Film & TV Writer Esme Chen compares Nosferatu and Dracula, analysing how vampiric media reflects contemporary cultural obsessions with thinness
Content warning: discussions of weight loss and disordered eating
The discourse and pressure around weight loss drugs such as Ozempic is a horror genre within itself. It is dystopian: hunger becomes a weakness; consumption becomes unpleasurable; and eating itself is rendered optimal rather than enjoyable. It is no coincidence that this discourse has intensified during a period of fervent economic recession. More interestingly, it mirrors the contemporary rise and fetishisation of cannibalism across social media, literature, and film.
The discourse and pressure around weight loss drugs such as Ozempic is a horror genre within itself.
For me, this convergence sits within the broader romanticisation of the vampire. In this article, I will compare two seminal vampiric texts: Nosferatu (2024, dir. Robert Eggers) and Dracula (1958, dir. Terence Fisher). But first, it is necessary to foreground why – and how – this shift has occurred, and why it matters.
As previously mentioned, the discourse surrounding weight loss drugs such as Ozempic is horrific. Eating becomes optimal, unpleasurable, and disciplined. Cannibalism, by contrast, completely reverses this logic. The desire to eat and consume becomes excessive and uncontrollable, and, depending on the media, not even shameful. In films such as Bones and All (2022, dir. Luca Guadagnino), the eater must hide, apologise, and fervently abstain. Vampires – or at least the stereotypical ones – are unapologetic: aristocratic, pretentious, entitled.
It is this split between acceptable desire (thinness, restraint) and pathological desire (excess, appetite) that becomes crucial. The body is no longer simply consumed, but managed, moralised, and optimised. This distinction is precisely what separates Eggers’ Count Orlok from Fisher’s Dracula.
They are thin, beautiful, eternal – and, crucially, emotionally restrained.
The stereotypical vampire is exactly what biopolitical governance of appetite endorses. They are thin, beautiful, eternal – and, crucially, emotionally restrained. Rather than eating food, they extract. The modern, fetishised vampire embodies restraint, minimalism, cold beauty, and ‘clean’ consumption. This stands in stark contrast to the romantic vampire – the messy cannibal – where extraction becomes survival and need triumphs over elegance. The vampire, as managed desire, mirrors how thinness is presented today through aesthetic discipline and late-capitalist restraint.
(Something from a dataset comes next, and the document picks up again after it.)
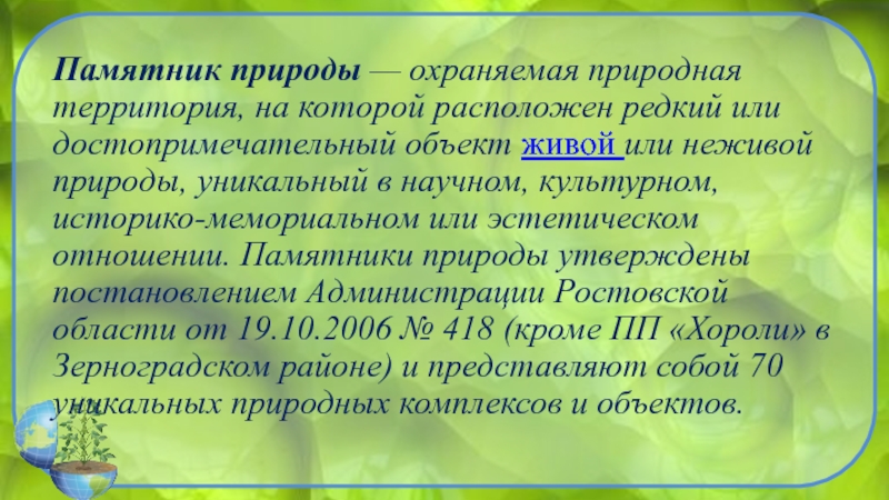 Слайд 2Памятник природы — охраняемая природная территория, на которой расположен редкий или достопримечательный
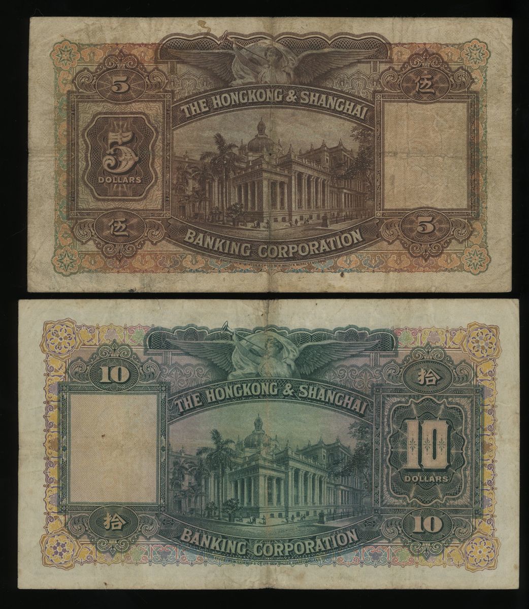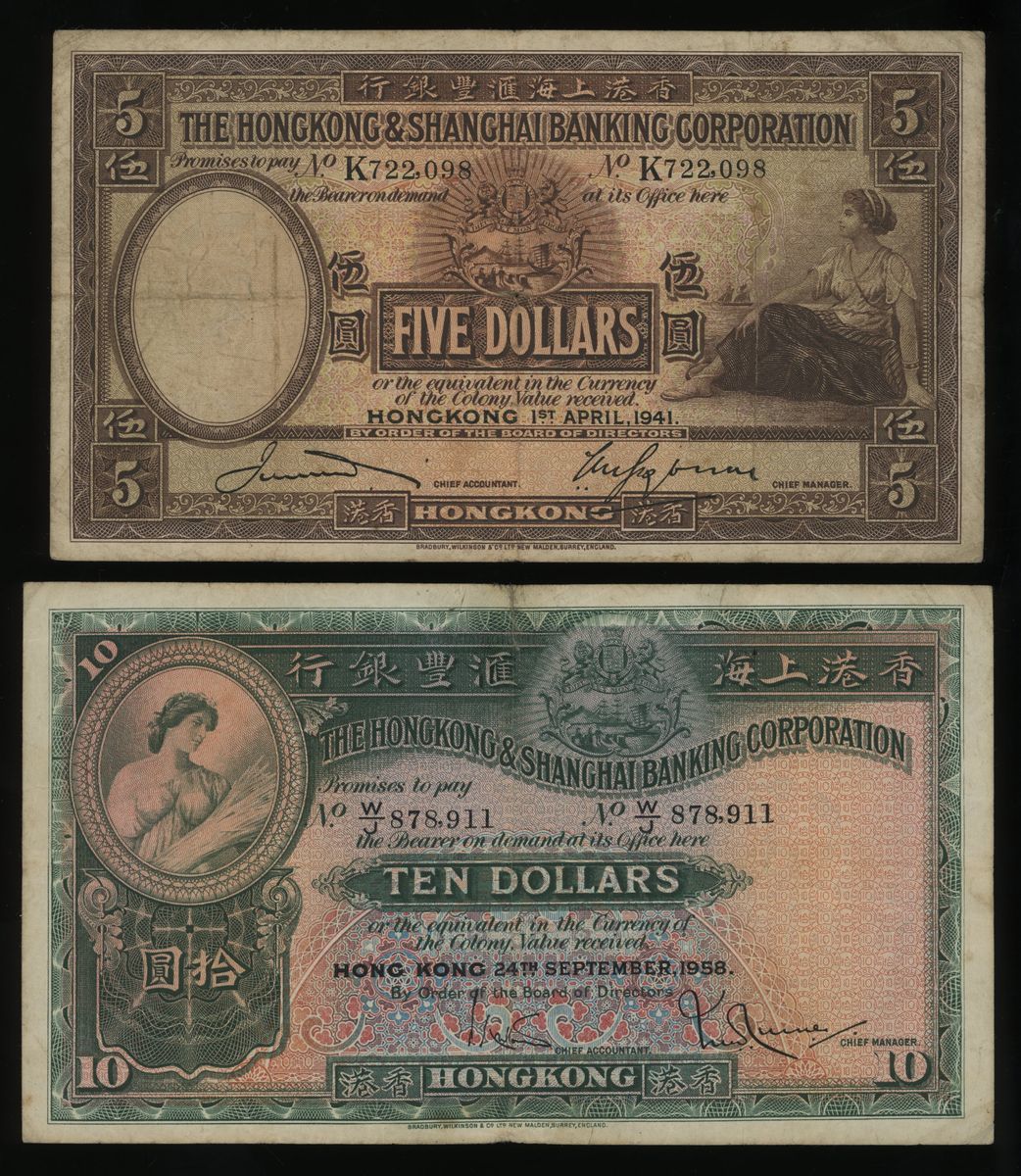 Hong Kong & Shanghai Banking Corporation, a pair of $5 and $10, 1941 and 1958, serial number K722098 and W/J878911 respectively, (Pick 173d, 179Ad), both presentable about very fine.(2)

In Dracula (1958), hunger becomes aristocratic control. Christopher Lee’s Count is astute, uncannily elegant, and meticulously composed. Most importantly, his appetite never appears ravenous or desperate; it is selective, ritualised, and controlled. His hunger is never ‘ugly’. This maps cleanly onto contemporary body politics, where, particularly for women, thinness signals discipline, futurity, and control. Hunger becomes a weakness, something to be surveilled and governed. We increasingly see high-visibility celebrity figures embody this valorisation of thinness, and Lee’s Dracula becomes an eerily prescient figure: feeding as elite consumption, desire aestheticised and managed.
This maps cleanly onto contemporary body politics, where, particularly for women, thinness signals discipline, futurity, and control.
Dracula’s rendition of feeding is entirely opposed to Eggers’ Count Orlok. While Lee’s Dracula is purposefully erotic – tall, darkly charismatic, and coded with perverted sex appeal – Orlok is skeletal, animalistic, and visibly dead. Scholars have long noted that 1950s Britain was a period of repressed sexuality, in which vampirism functioned as a coded metaphor for forbidden desire. Orlok offers none of this. His hunger is constant, exposed, and unsated.
Eggers’ Orlok is inseparable from the imagery of rot, infestation, and bodily excess. He cannot brand or aestheticise his hunger, just as the average body cannot aestheticise thinness. While Dracula eats invisibly, Orlok eats visibly. In contemporary culture, visible hunger is always punished. Too many women and girls refuse to eat in public, apologise for eating, or verbally discipline their bodies while consuming food. Since when did basic human need – and basic pleasure – require justification?
In contemporary culture, visible hunger is always punished.
Eggers makes hunger monstrous again, not because it is immoral, but because it is socially uncontainable. Hunger becomes terrifying not because Orlok needs to feed, but because he cannot stop wanting. This is where cannibalism becomes culturally productive: it confronts our denial of appetite, pleasure, and excess. The consequence of that confrontation is monstrosity.
If Dracula’s thinness is controlled, Nosferatu’s thinness is terminal. Dracula’s body reassures; Orlok’s indicts. This dichotomy exposes the dangers of a culture committed to the eradication of hunger. Whether driven by economic recession, misogyny, or late-capitalist discipline, the promise of a future without appetite is a dangerous fantasy. If Ozempic offers a world in which hunger disappears, Eggers’ Nosferatu insists that hunger will return – through decay, disease, or bodies that refuse to behave. That inevitability is where the true horror lies.